Machine Clean-up failed


Error Message: Cleanup Failure: Exception occured while cleaning up : Error cleaning up Azure resource group
Please raise a support ticket from your Shakti Studio account at Shakti Studio Support, and we will check the reason for the failure.Please raise a support ticket from your Shakti Studio account at Shakti Studio Support, and we will investigate and help you resolve the issue.

FAQs

  1. Can I edit the model name later? No, renaming a model after it’s been added and compiled is not supported. The model name must be set during the initial setup.

  1. What options are available for model sources? You can choose HuggingFace, where the base model is downloaded directly, or use AWS S3, GCS, or DockerHub by providing the appropriate path (S3 URL, GCS URL, or DockerHub registry link) along with the required credentials so we can retrieve your custom model.

  1. Do I need authentication keys for external sources? Yes, for model providers like Shakti Cloud S3, GCS, and DockerHub, you must add your authentication keys on the Secrets page in the Shakti Studio platform and use those credentials during the compilation process. For detailed instructions on how to add and manage secrets, see the Secrets documentation.

  1. Why am I getting a “The given model path is invalid” error? How do I verify if my model path is valid? While the Shakti Studio platform supports most LLM models, this error can occur if a particular model type isn’t supported yet. If you encounter this issue, please raise a ticket from your Shakti Studio account via Shakti Studio Support, and we’ll work on enabling support for your model.

  1. How do I link my AWS/GCP/Azure account? You will have to add your cloud account details in the integrations section. Refer to this doc on secrets.

  1. Can I use multiple cloud accounts? Yes, the Shakti Studio platform supports adding and managing multiple cloud accounts.

  1. How do I choose the right accelerator for my model?

    The appropriate accelerator depends largely on the size of your model. Larger models require higher-spec GPUs (and often higher accelerator counts) for optimization and deployment, while smaller models can run efficiently on mid-range accelerators.

  1. What happens if I run out of quota for GPUs in my Shakti Studio account?

    If your Shakti Studio account lacks sufficient GPU quota, the optimization job may fail to start or could get stuck partway through, leading to a failed optimization process.

  1. What does accelerator count mean?

    Accelerator count refers to the number of GPU instances allocated for a job. For example, if you select H100 as the accelerator and set the count to 2, two H100 machines will be provisioned. This is especially important when the tensor parallelism (TP) value is greater than 1.

  1. How do I know which accelerator configuration to select?

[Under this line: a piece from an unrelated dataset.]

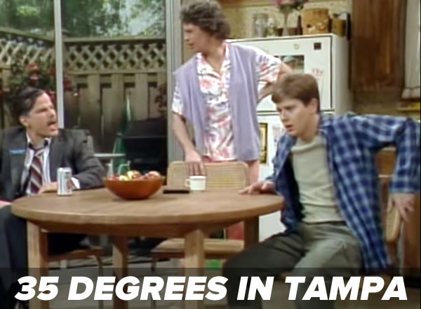 It won’t quite hit 35 degrees (Celsius; that’s 95 degrees Fahrenheit) in Tampa today — the expected high is a mere 32°C/90°F — but that’s no excuse not to post this classic Kids in the Hall sketch titled 35 Degrees in Tampa: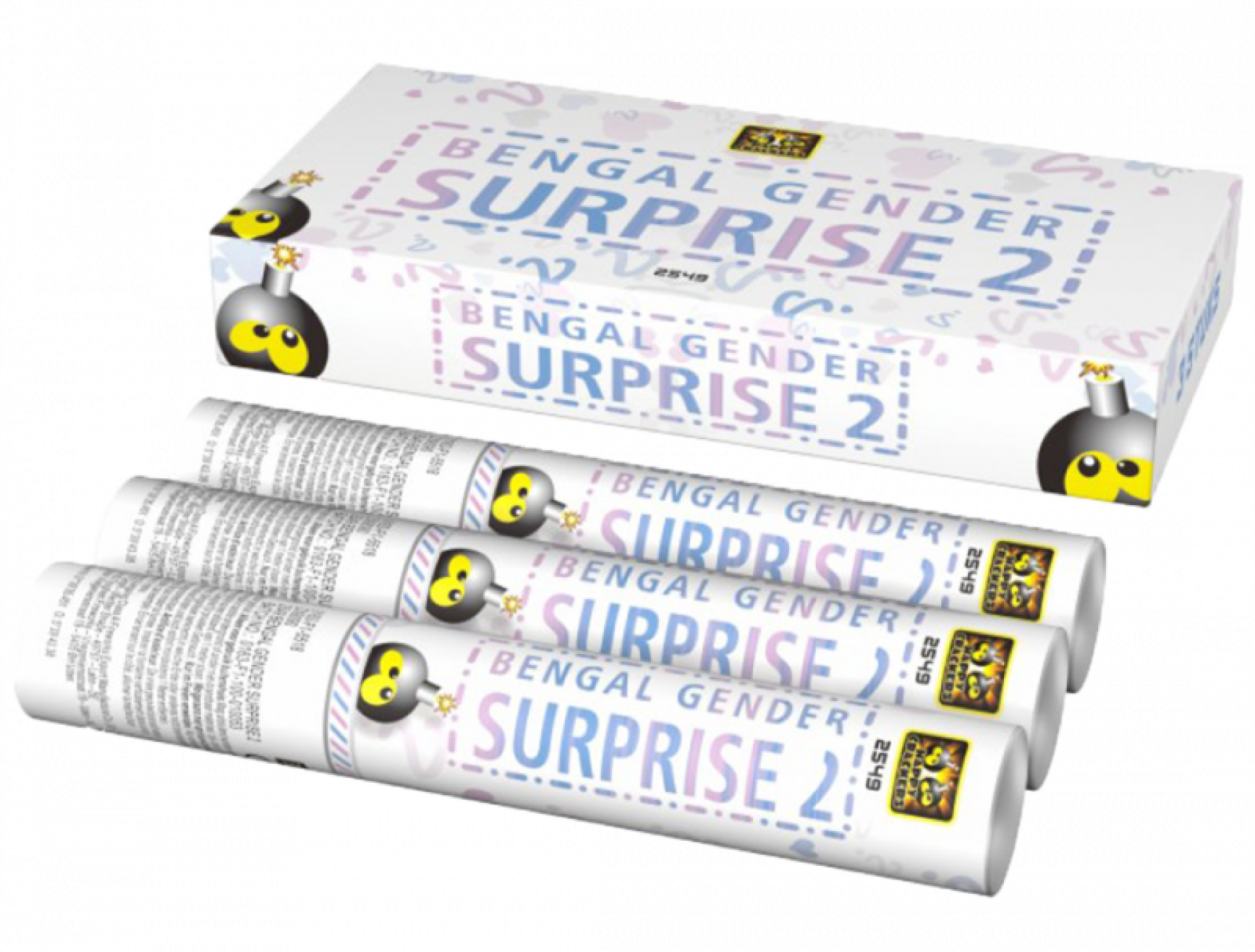 Drie gender reveal Bengaalse fakkels in een doos: Om het spannend te houden tot het laatste moment zal deze bengaalse fakkel eerst branden in witte glitters waarna deze langzaam over zal gaan in een blauwe vlam...

    In Shakti Studio, you primarily choose the accelerator type (for example, NVIDIA A10G, A100, or H100) and the accelerator count for your job. Larger models and higher tensor parallelism values generally benefit from higher-end GPUs and more accelerators, while smaller models can run efficiently on mid-range GPUs with fewer accelerators. Review your model size and TP settings, then pick an accelerator type and count that provide enough GPU memory and throughput for your workload.

  1. What is quantization and why should I use it? Quantization is the process of reducing the precision of the numbers used to represent a language model’s parameters (e.g., from 32-bit floating point to 8-bit integers) to make the model smaller and faster, with minimal loss in accuracy, helpful for running large language models (LLMs) efficiently

  1. Which quantization levels are supported?

    We support FP16, FP8, and AWQ quantization.

    Note that FP8 is not supported on Ampere architecture GPUs like A100 and A10G, as these devices do not natively support FP8 precision.

  1. Does quantization affect accuracy?

    Yes, quantization can result in a slight reduction in model accuracy.